** PROVIDED INFORMATION follows **

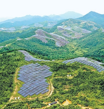 迎著春日的晨光,走進(jìn)湖北隨州廣水市十里街道寶林寺村,滿是光伏板的向陽山坡,像一面巨大的鏡子,在陽光下熠熠生輝。
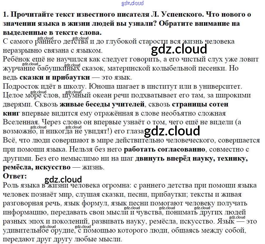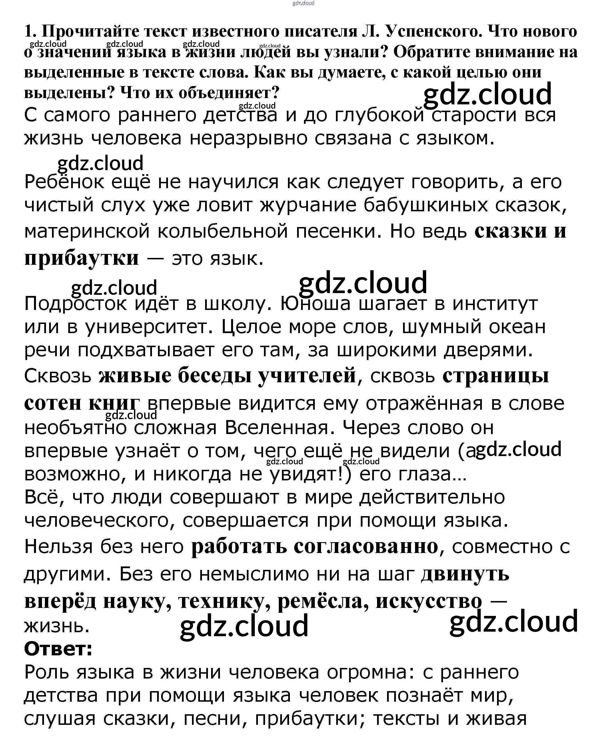 Ответ на задание 1 Учебник Русский язык за 5 (пятый) класс Баранов, Ладыженская, Тростенцова, Кулибаба, Григорян 2016, 2019 Часть 1, 2
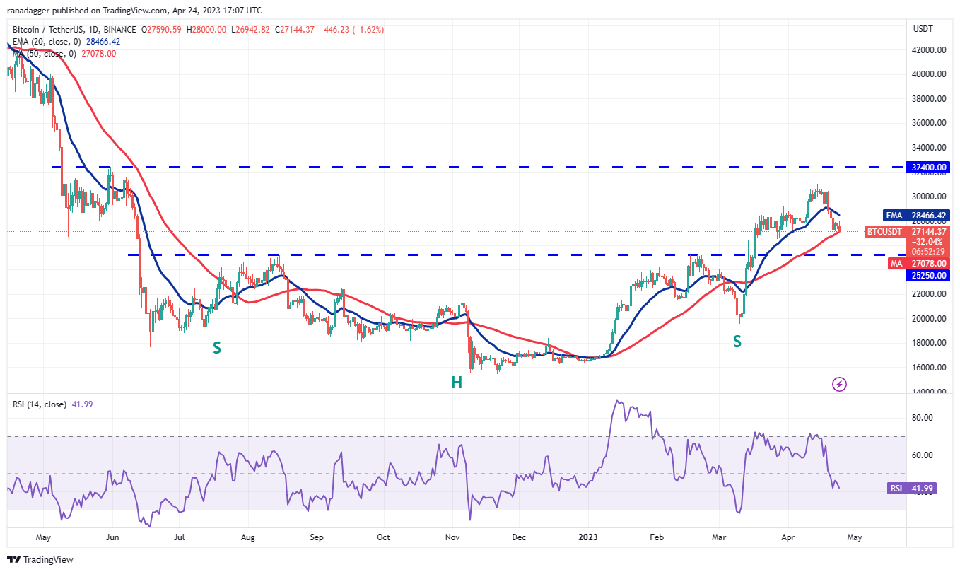 Bitcoin is stuck between the moving averages for the past few days, indicating indecision among the bulls and the bears. The bulls are buying the dips to the 50-day SMA ($27,078) while the bears are protecting the 20-day EMA ($28,466).
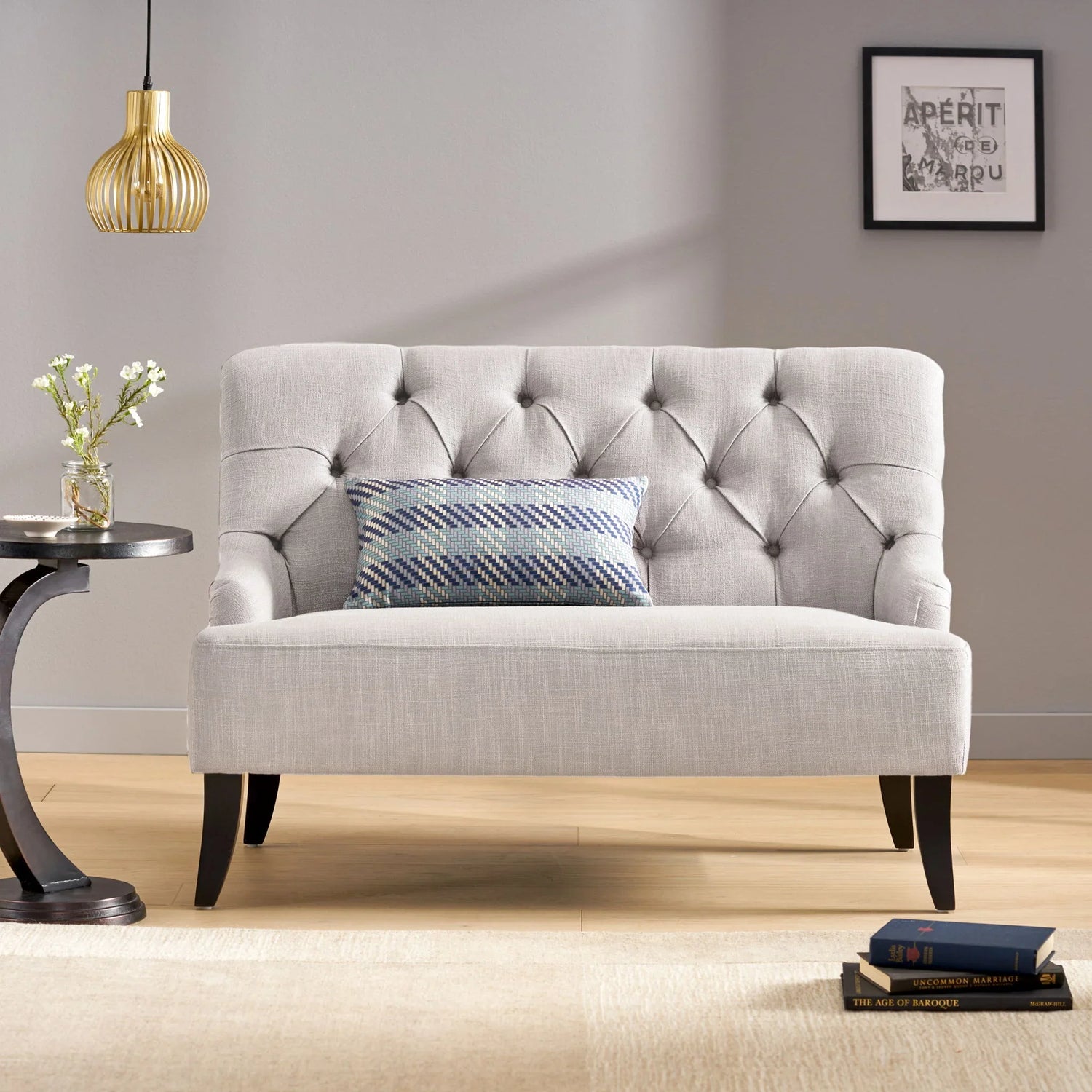 Nicole - French Style Upholstered Loveseat With Tufted Backrest - Light Gray
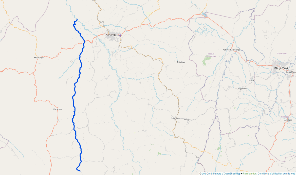 Affluent de la rivière Lulua dans la province du Kasaï-Central, elle prend sa source près de la localité de Mwaila sur le territoire de Kazumba. De là, elle coule en direction nord en longeant la route nationale 39 (RN39) puis franchit la route nationale une (RN1: axe Kananga-Tshikapa) à l'est de la localité de Matamba et reçoit peu après les eaux de la rivière Lutshatsha, son principal affluent. Elle finit par se jeter dans la Lulua au nord-ouest de la ville de Kananga après un parcours long de 170 km.
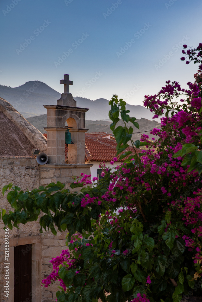 Beautiful streets and local restaurant of village Mirtos, near Ierapetra, Crete, Greece #1216589936
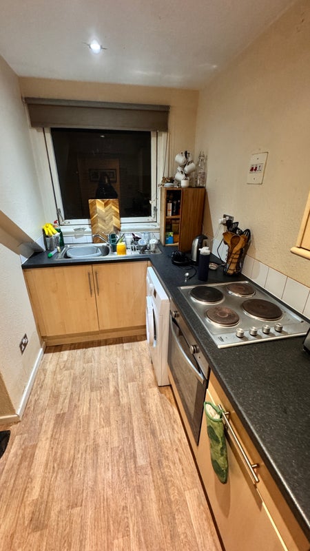 I have a room in the penthouse flat in Pollockshields. The room gets plenty of sun and there is also a shared balcony/roof access. The nearest train station is only 3-5 minutes away and 10 minutes to the nearest bus stop. I’ll add more pictures soon.

** End of PROVIDED INFORMATION **

#### YOUR OBJECTIVE
Set down exactly the lines from the start of the records through the line containing "Nicole - French", both included, and omit the pictures.

#### ANSWER FOR THIS EXERCISE
 迎著春日的晨光,走進(jìn)湖北隨州廣水市十里街道寶林寺村,滿是光伏板的向陽山坡,像一面巨大的鏡子,在陽光下熠熠生輝。
 Ответ на задание 1 Учебник Русский язык за 5 (пятый) класс Баранов, Ладыженская, Тростенцова, Кулибаба, Григорян 2016, 2019 Часть 1, 2
 Bitcoin is stuck between the moving averages for the past few days, indicating indecision among the bulls and the bears. The bulls are buying the dips to the 50-day SMA ($27,078) while the bears are protecting the 20-day EMA ($28,466).
 Nicole - French Style Upholstered Loveseat With Tufted Backrest - Light Gray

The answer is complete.